The classification accuracies obtained by this method range from 78% to 91%. These results demonstrate that it is possible to combine highly sensitive AE sensors with an SCNN to classify the sample qualities in terms of porosity concentration. It has to be noted that the classification was carried out without using imaging techniques or altering the setup and with minimum manual interventions. Besides, the results have shown that the continuous SLM process can be divided into a finite number of momentary events with unique acoustic signatures. These signatures can be analyzed by the developed Machine Learning framework and interpreted in terms of quality. The developed technique is also able to detect porosity within the material, which cannot be achieved with existing image-based methods [11].

Given the similarities of SLM to laser welding of metal workpieces, a similar approach has been used for the detection of the different welding regimes during laser welding.

3 Laser Welding Quality Monitoring

As described in Sect. 2.2, the developed ML technique allowed discerning between different operating regimes responsible for different qualities during the AM process. In the successive work [25], the authors aimed at exploiting the previously reported approach for a more challenging task, namely, to apply the monitoring system to LW to identify the relationships between the different welding regimes and the AE signals. The usage of the same methodology to this different application comes as no surprise, as LW is an industrial process with many similarities to SLM, involving the same physical mechanism for metal melting and successive solidification. In particular, in Shevchik et al. [25], the investigations were carried out using laser welding of titanium workpieces.

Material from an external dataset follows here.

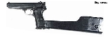 После окончания Второй мировой войны перед конструкторами стрелкового оружия была поставлена задача разработки нового боевого пистолета, которым следовало вооружить спецподразделения Советской Армии и командный состав Вооруженных Сил. Этим занималось несколько конструкторских бюро, в том числе и Калашникова.Его пистолет был разработан в 1950 году как штурмовое оружие, которое можно использовать в качестве пистолета-пулемета. Спусковой механизм экспериментального автоматического пистолета Калашникова обеспечивал ведение как непрерывного, так и одиночного огня. Пистолет имел ударный механизм куркового типа с поворотным курком.Для упрощения конструкции и повышения надежности работы самовзвод курка исключен. Действие автоматики основано на использовании энергии отдачи свободного затвора.Питание патронами производится с двухрядного магазина с шахматным расположением патронов. Пистолет, по аналогии с известной системой "маузер", имеет жесткую деревянную кобуру. Кобура используется в качестве приклада для более жесткой фиксации при стрельбе, особенно в режиме автоматического огня.Автоматика работает на принципе отдачи свободного затвора. Запирание осуществляется массой затвора, подпираемого возвратной пружиной. Ударно-спусковой механизм рассчитан для ведения одиночного и автоматического огня. Предохранитель одновременно выполняет и функцию переводчика огня.

In this specific contribution, the signals collected during laser welding were assigned to four categories: (i) no illumination, (ii) conduction welding, (iii) keyhole without porosity, and (iv) keyhole with porosity. The first category represents the absence of laser radiation. The second one is characterized by a low laser intensity leading to the so-called conduction welding regime (shallow). The third and fourth categories refer to the keyhole (deep) welding regimes with and without the presence of pores in the workpiece.

The distinction between the different welding regimes is crucial because, in real applications, the transition between them can be provoked by local changes in the material properties or in process parameters. To be specific, the capability to distinguish between keyhole with and without porosity is of particular interest for industrial applications. Indeed, the keyhole welding regime, despite its advantages [32, 33], is prone to defects. In particular, the high instability of the keyhole channel in deep welding can lead to porosity in the workpiece [34, 35]. In this work, the ground truth for the said categories was estimated a posteriori by the visual inspection of the cross-sections of the welding joints.

On par with the previous works, the WPT was used to compute the relative energies of the selected narrow frequency bands to form the spectrograms of each signal. In contrast, the ML classifier that processes the spectrograms was modified to boost the computational speed to enable the online monitoring of the process.

3.1 Graph SVM with Adaptive Multi-kernel

As already discussed in paragraph Sect. 2.3, the described classification task is challenging because of the similarities between data of different categories. Even though the problem has been solved by using an SCNN, its relatively high number of parameters and the computational resources needed for building a graph for every new input sample to be classified, make it not suitable for real-time applications.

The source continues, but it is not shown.